# [The input]
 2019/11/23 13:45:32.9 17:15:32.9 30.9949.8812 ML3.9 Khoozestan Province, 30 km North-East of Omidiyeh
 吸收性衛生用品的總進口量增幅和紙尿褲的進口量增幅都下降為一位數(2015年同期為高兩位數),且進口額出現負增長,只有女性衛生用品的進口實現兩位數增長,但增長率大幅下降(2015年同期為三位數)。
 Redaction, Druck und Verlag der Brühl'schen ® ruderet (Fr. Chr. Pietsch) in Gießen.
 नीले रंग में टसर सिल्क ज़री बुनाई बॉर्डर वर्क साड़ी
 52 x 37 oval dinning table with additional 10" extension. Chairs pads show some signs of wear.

---

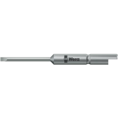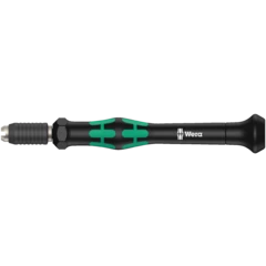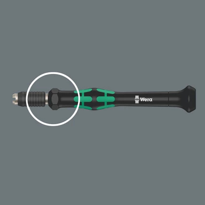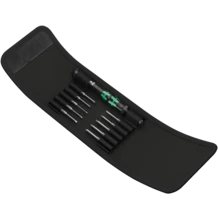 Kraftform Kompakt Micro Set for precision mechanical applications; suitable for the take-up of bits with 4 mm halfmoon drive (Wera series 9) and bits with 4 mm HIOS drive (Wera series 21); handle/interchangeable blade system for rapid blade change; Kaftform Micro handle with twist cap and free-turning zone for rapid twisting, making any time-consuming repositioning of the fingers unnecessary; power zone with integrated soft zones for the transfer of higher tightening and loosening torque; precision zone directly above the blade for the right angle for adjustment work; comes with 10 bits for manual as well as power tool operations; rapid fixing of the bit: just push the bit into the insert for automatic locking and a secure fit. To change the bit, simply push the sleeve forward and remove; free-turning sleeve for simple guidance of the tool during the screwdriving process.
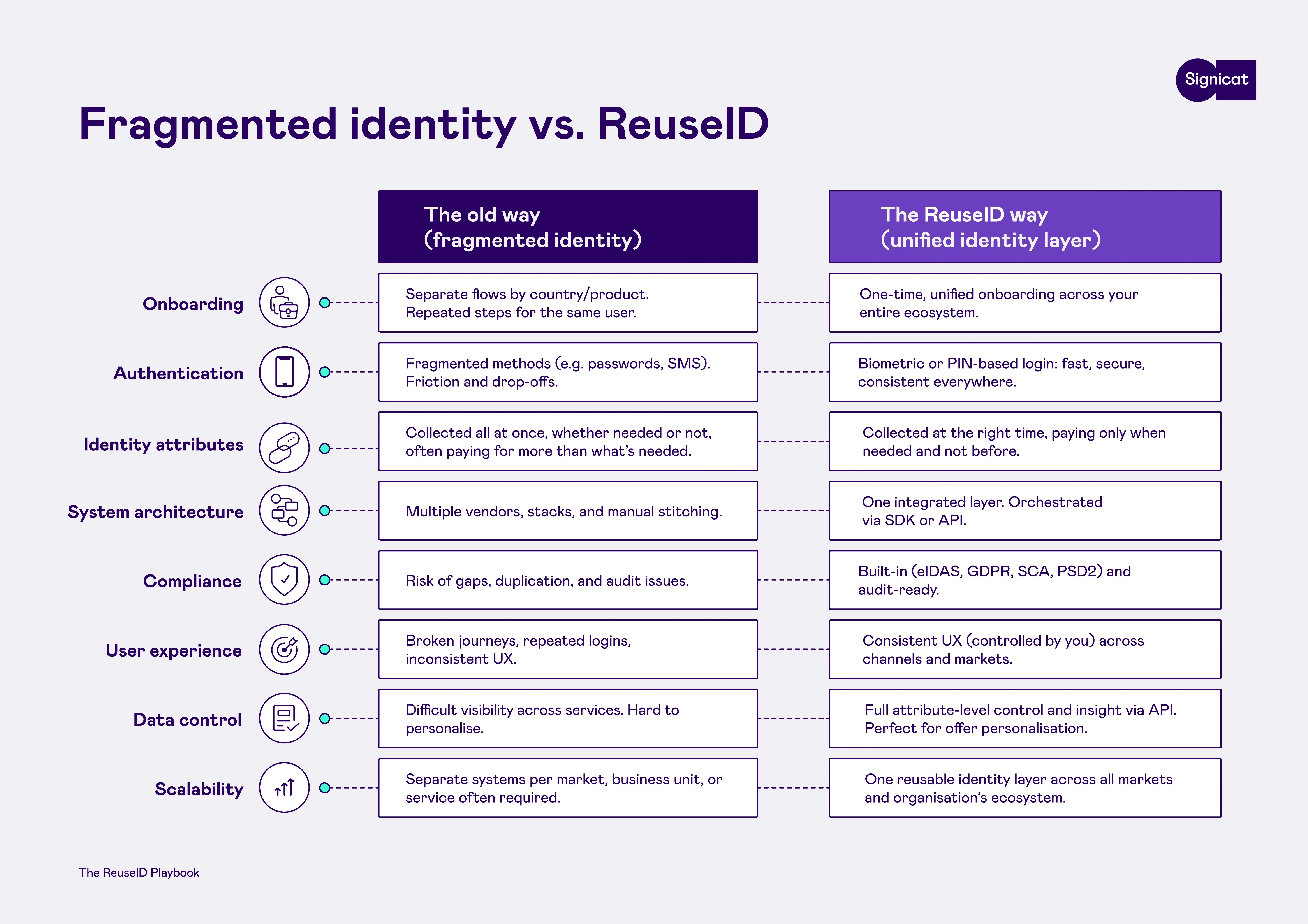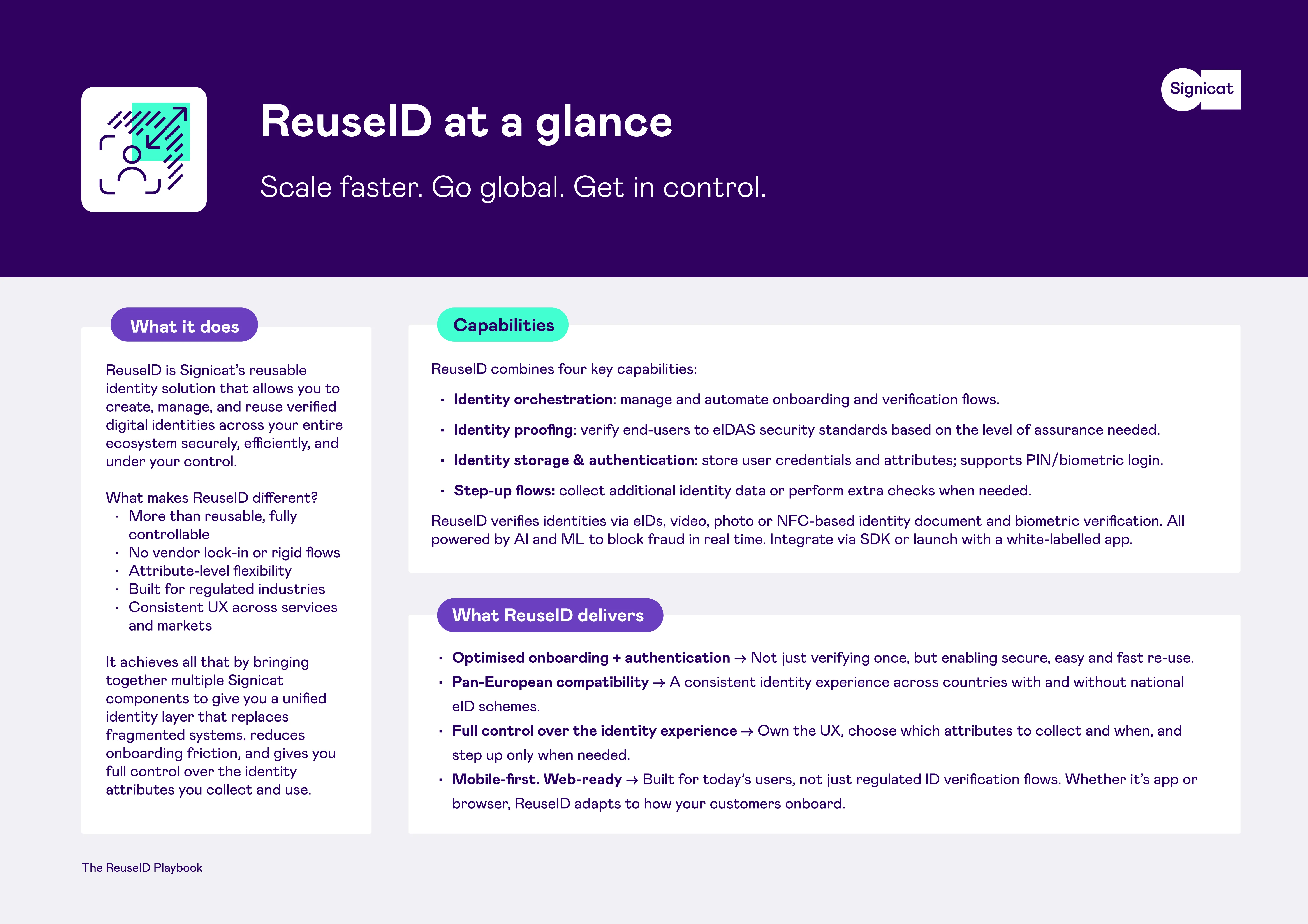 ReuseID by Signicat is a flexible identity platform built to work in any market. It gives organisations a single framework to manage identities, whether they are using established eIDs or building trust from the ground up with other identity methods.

* * *

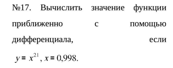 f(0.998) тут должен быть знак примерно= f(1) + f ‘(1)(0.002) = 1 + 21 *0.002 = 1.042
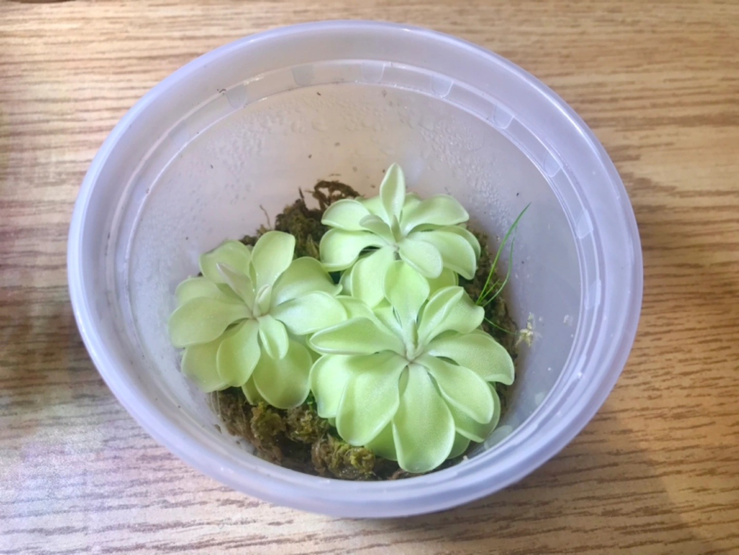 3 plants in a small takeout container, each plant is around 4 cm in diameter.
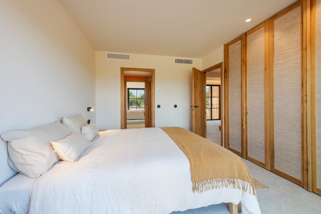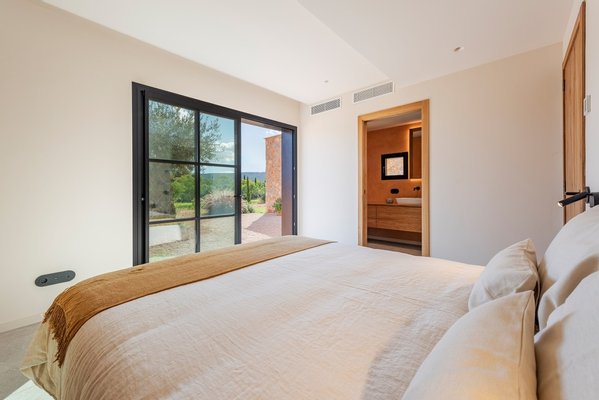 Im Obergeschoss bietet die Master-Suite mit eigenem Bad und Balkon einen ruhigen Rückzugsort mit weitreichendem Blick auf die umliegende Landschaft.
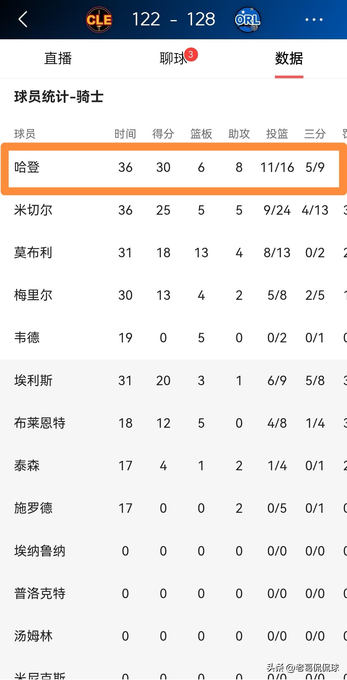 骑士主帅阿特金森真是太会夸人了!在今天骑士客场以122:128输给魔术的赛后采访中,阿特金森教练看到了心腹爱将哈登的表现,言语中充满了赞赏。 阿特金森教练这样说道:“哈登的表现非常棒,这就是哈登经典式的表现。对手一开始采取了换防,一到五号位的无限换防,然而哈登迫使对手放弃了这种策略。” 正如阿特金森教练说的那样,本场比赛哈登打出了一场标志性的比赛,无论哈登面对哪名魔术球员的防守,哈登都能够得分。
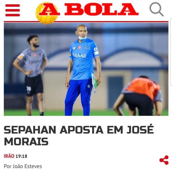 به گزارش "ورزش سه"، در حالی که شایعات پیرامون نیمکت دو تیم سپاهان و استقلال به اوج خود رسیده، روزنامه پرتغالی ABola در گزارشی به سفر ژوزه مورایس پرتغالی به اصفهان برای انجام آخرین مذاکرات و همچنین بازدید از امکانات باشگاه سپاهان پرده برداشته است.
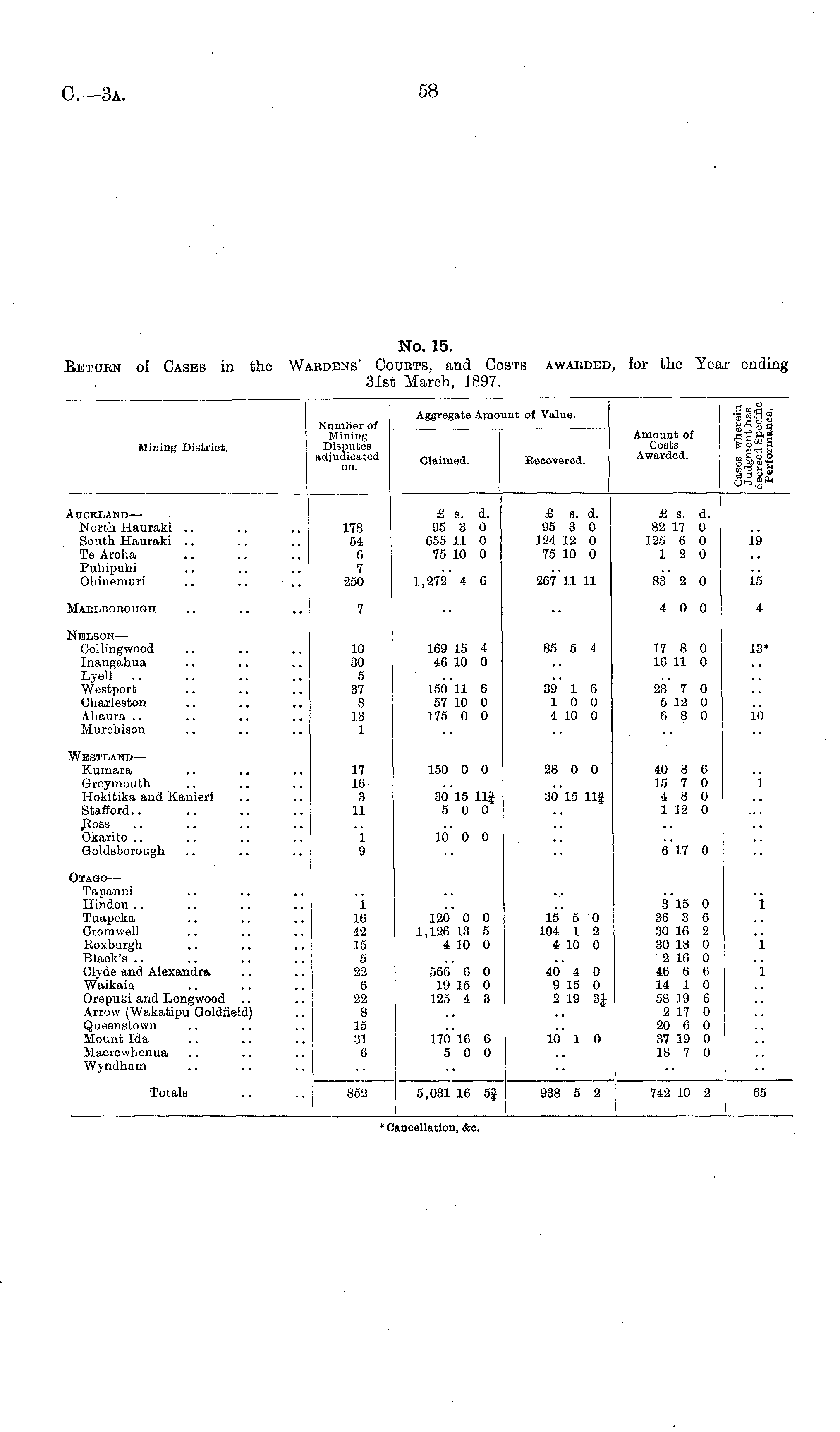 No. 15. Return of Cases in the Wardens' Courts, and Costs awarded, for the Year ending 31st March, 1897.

# [Problem details]
Reproduce word for word the material above, beginning with the line that contains "2019/11/23 13:45:32.9 17:15:32.9" and ending with the line that contains "52 x 37 oval".

# [Written solution]
 2019/11/23 13:45:32.9 17:15:32.9 30.9949.8812 ML3.9 Khoozestan Province, 30 km North-East of Omidiyeh
 吸收性衛生用品的總進口量增幅和紙尿褲的進口量增幅都下降為一位數(2015年同期為高兩位數),且進口額出現負增長,只有女性衛生用品的進口實現兩位數增長,但增長率大幅下降(2015年同期為三位數)。
 Redaction, Druck und Verlag der Brühl'schen ® ruderet (Fr. Chr. Pietsch) in Gießen.
 नीले रंग में टसर सिल्क ज़री बुनाई बॉर्डर वर्क साड़ी
 52 x 37 oval dinning table with additional 10" extension. Chairs pads show some signs of wear.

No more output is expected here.